Tweezer standing

Where did the Molecular Tweezers come from?

Molecular tweezers- What does that mean? What are they? How did they become drug candidates for degenerative diseases?

The story of the molecular tweezers is a great example of the way science works – step-by-step, layer-by-layer, with each one being built on the foundation of the previous one.

The molecular tweezers are the brainchild of Frank-Gerrit Klärner, Professor Emeritus of Organic Chemistry at the University of Duisburg-Essen in Germany. They were designed as chemical “hosts” for smaller “guest” molecules. The original paper by Klärner and his colleagues was published in 1996 in the prestigious chemistry journal Angewandte Chemie International Edition in English:


The tweezers are special molecules that have a horseshoe shape. The ability of these molecules to include “guests” inside the horseshoe structure reminded Klärner and his co-worker of tweezers holding a small particle or a hair, and therefore they named them molecular tweezers.

In their original work, the scientists discovered that straight hydrocarbon chains were the preferred “guests” inside the cavity of the molecular tweezers. This was very important for the next layer to be laid in the scientific discovery.

In the next step, Professor Klärner collaborated with Thomas Schrader, then at the University of Marburg, Germany, and today also Professor of Organic at the University of Duisburg-Essen. Together, the research groups of Professors Klärner and Schrader introduced chemical changes in the structure of the tweezers that for the first time made them water-soluble. Now, instead of simple hydrocarbon chains, which are oily in nature, they could test as guests molecules that also were water-soluble, opening the door for biological applications. They found that the preferred “guests” of the water-soluble tweezers were derivatives that contained an ammonium group, which is an important component of amino acids and other biological molecules.

Based on these findings, Professor Schrader decided to investigate the tweezers as potential hosts, or as they were described later – “artificial receptors,” for amino acids. The investigation led to the discovery that the tweezers bounds with high selectivity to the amino acid Lysine. This discovery was published in 2005, in the Journal of the American Chemical Society:



In the first few months of 2005, 5,670 miles south-east of Essen, Gal Bitan, then a new Assistant Professor at UCLA, was busy thinking about a discovery made by Professor David Teplow, also at UCLA, and then postdoctoral fellow, Dr. Noel Lazo (today an Associate Professor at Clark University, Worcester, MA, USA). Drs. Teplow and Lazo had just published a paper in the journal Protein Science where they reported that a particular structure in the protein believed to cause Alzheimer’s disease, beta-amyloid, was the key to the transition of this protein from a regular component of every cell’s normal biological function, to a toxin that kills brain cells and causes dementia [1]. The key to the formation of this dangerous structure was a lysine in the amino-acid sequence of beta-amyloid. “If only I could find a way to block the molecular interactions of this lysine with the rest of the protein, I may have a lead towards developing therapy for Alzheimer’s disease,” Professor Bitan thought. You can imagine his excitement when he saw the paper shown above by Fokkens, Schrader, and Klärner.
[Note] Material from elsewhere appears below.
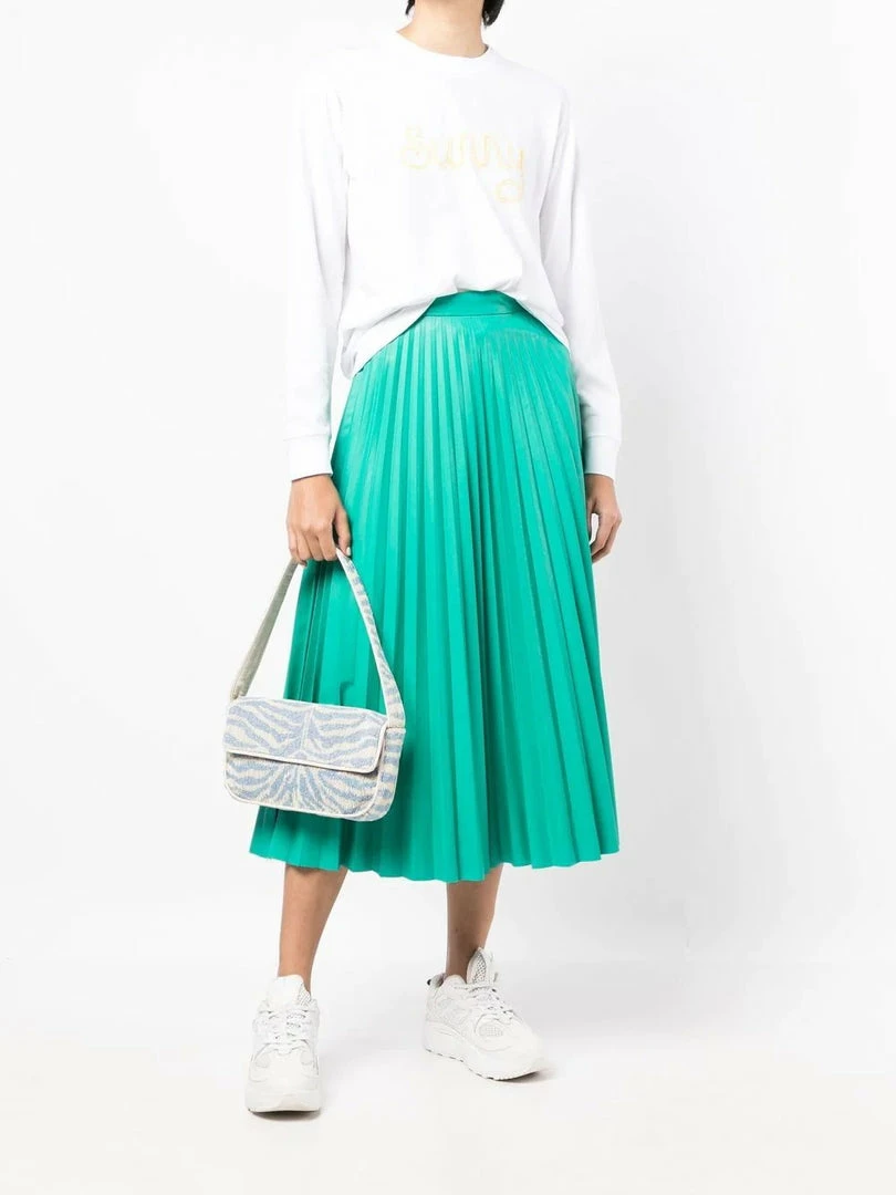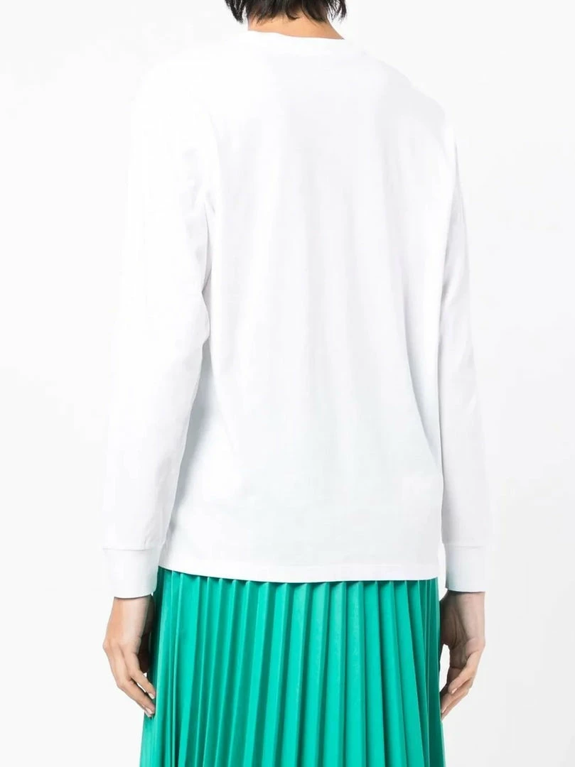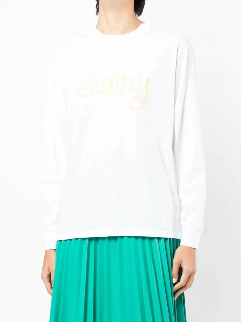 Bella Freud white ‘Sunny’ top featuring a round neck, long sleeves with ribbed cuffs, a yellow embroidered ‘Sunny’ design on the front and a pull on style. Item fits true to size. Model is wearing a size S.

The Bitan research group got samples of several molecular tweezers from Professor Schrader and began testing them. To their delight, the tweezers worked just as they expected and blocked the transformation of beta-amyloid from a harmless protein to a vicious toxin. As they continued their research, they realized that due to their unique mechanism of action, the molecular tweezers also had the same effect on many other proteins that cause different diseases. They published their discoveries in 2011, again in the Journal of the American Chemical Society:

Sinha JACS 2011 title

Since then, in collaboration with many research groups around the world, the team has been continuing to study the unique mechanism of action of the molecular tweezers and their therapeutic effects in scientific models of different disease.

The next big discovery came about through collaboration with Professors Jan Münch, Ulm University, Germany, and James Shorter, University of Pennsylvania, Philadelphia, PA, USA, who independently discovered that the molecular tweezers could prevent the enhancement of HIV infection caused by abnormal protein aggregates in semen. These protein aggregates dramatically increase the chances of HIV infection. The experiments of Professors Münch and Shorter showed that the molecular tweezers completely blocked this enhancement effect. But when the two laboratories joined forces, they made an even bigger discovery – they found that the molecular tweezers not only blocked the enhancement of infection but also destroyed an essential component of the viruses themselves — their protective membranes! This was completely unexpected and turned out to be a separate activity from the inhibition of protein aggregation. Moreover, the researchers discovered that this therapeutic activity of the molecular tweezers was not limited to the HIV virus, but was also applicable to many other membrane-encapsulated viruses, such as the hepatitis C and herpes viruses. The findings were published in the prestigious journal eLife in 2015.